Points are gained for the surprisingly good FX work of the scarecrow itself, a jet-black liquorice-looking viney chap, who can come out of the ground, even hide inside bodies… They’re lost, however, for strange choices of characters who outlast others and, more crucially, Lacey Chabert wiping her blood on a herd of cows and saying “rather you than me”! No, Lacey, no. Save the cows.

It’s one of those films where the villain only wants ONE person dead, but said person naturally resists, and so everyone else around them has to die!

Things began with a fair bit of focus on the requisite drop-outs who we expect to live for most of the film and then die horribly. But no, again here Scarecrow fucks with us: They go really early, totally off-camera, without any of the expected comeuppance these types of characters normally suffer.

Another character acts so shadily that I was waiting for them to be revealed to be some sort of conduit for the scarecrow. While this person eventually showed another side of themselves, it was something totally different and disappointing.

In summary, a good looking, well made film, but one that shoots its load too early and expects us to hang around enjoying the afterglow. And the cow-thing can’t be forgiven.

Blurbs-of-interest: Lacey Chabert was in the Black Christmas remake; Robin Dunne was in American Psycho II: All-American Girl; Nicole Munoz was the little girl heroine in The Tooth Fairy; Brittney Wilson was in Scar 3D; Jerry Wasserman was in Christina’s House.

Porn of the dead

EVIL BREED: THE LEGEND OF SAMHAIN

3 Stars  2003/18/78m

A.k.a. Samhain

“Evil roams the woods.” Director/Writer:

Christian Viel / Writer: William R. Mariani / Cast: Bobbie Phillips, Brandi-Ann Milbradt, Ginger Lynn Allen, Jenna Jameson, Chasey Lain, Richard Grieco, Howard Rosenstein, Phil Price, Gillian Leigh, Heidi Hawkins, Neil Napier.

Body Count: 13

Laughter Lines: “If you leave, you’ll disappear just like every other B-movie character does.”

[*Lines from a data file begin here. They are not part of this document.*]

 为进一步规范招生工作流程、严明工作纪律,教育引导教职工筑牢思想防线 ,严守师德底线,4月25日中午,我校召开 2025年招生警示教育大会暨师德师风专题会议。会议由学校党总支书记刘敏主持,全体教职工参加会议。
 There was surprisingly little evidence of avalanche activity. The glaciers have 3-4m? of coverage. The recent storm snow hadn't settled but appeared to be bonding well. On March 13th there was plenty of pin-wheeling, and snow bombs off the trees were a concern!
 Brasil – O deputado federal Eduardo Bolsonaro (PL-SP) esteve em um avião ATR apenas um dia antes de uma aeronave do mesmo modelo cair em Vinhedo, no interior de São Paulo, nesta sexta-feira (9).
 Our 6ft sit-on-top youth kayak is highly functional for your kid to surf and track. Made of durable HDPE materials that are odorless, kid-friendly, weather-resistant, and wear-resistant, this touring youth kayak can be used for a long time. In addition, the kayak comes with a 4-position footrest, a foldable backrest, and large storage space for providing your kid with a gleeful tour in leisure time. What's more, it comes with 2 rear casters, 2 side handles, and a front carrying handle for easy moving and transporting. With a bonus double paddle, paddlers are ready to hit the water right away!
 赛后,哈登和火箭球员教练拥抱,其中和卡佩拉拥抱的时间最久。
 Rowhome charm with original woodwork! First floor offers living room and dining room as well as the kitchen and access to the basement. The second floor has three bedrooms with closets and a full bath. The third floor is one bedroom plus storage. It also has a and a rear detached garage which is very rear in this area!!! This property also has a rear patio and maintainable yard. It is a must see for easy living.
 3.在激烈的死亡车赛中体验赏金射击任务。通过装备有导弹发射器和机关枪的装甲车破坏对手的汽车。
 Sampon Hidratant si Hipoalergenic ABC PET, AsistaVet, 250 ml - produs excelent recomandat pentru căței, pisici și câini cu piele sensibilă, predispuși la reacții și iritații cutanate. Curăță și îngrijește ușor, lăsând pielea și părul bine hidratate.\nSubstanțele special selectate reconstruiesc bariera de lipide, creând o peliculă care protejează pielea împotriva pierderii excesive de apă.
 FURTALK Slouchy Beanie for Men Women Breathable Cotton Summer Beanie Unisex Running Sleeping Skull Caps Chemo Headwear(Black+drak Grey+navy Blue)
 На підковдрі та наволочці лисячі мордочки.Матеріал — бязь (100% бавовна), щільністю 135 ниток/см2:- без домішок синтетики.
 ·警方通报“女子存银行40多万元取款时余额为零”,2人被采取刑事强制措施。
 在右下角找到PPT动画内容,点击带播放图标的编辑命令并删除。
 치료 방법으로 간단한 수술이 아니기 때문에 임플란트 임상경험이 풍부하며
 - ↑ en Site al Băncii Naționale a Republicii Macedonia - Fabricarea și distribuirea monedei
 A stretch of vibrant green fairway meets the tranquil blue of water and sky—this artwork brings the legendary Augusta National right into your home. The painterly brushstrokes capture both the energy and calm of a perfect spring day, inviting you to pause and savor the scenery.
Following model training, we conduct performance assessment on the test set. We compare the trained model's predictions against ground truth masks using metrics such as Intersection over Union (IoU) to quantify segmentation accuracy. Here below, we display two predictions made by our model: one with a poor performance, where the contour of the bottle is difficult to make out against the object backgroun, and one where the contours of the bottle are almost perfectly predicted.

Production problems plagued this Canadian gorefest, originally titled the pithier Samhain before much of it was re-shot without the director’s input and reportedly the final cut is a far cry from the original vision.

Stocked with porn industry heavyweights, the first half of Evil Breed is surprisingly decent, rekindling a particular Friday the 13th vibe, with a group of horny, over-aged teenagers in the Irish woods (studying druids or something) and getting offed by a family of not-so-mythical inbred primevals.

Chasey Lain and Richard Grieco are the first to go in the obligatory pre-credits slaughter – quite why so many North Americans are camping in Ireland at the same time is a mystery. Then it’s pretty much death after death for the remaining characters, including a neat knife-in-the-mouth and a decapitation-by-wire, but the sight of one poor schmuck getting his intestines ripped out through his ass is a bit of a stretch the mind is less willing to reach. Elsewhere, Jenna Jameson is gutted by one of the cannibals, who then attempts to chow down on one of her silicone implants!

Considering 13 seconds were scissored by the BBFC, there’s still a hell of a lot of gore on show, but a good half of the killings occur off camera, leaving a lot of unanswered questions, while the cobbled-together footage jumps all over trying to sustain the plot.

The nostalgic approach to the midriff earns this three stars.

Blurb-of-interest: Neil Napier was in Slashers.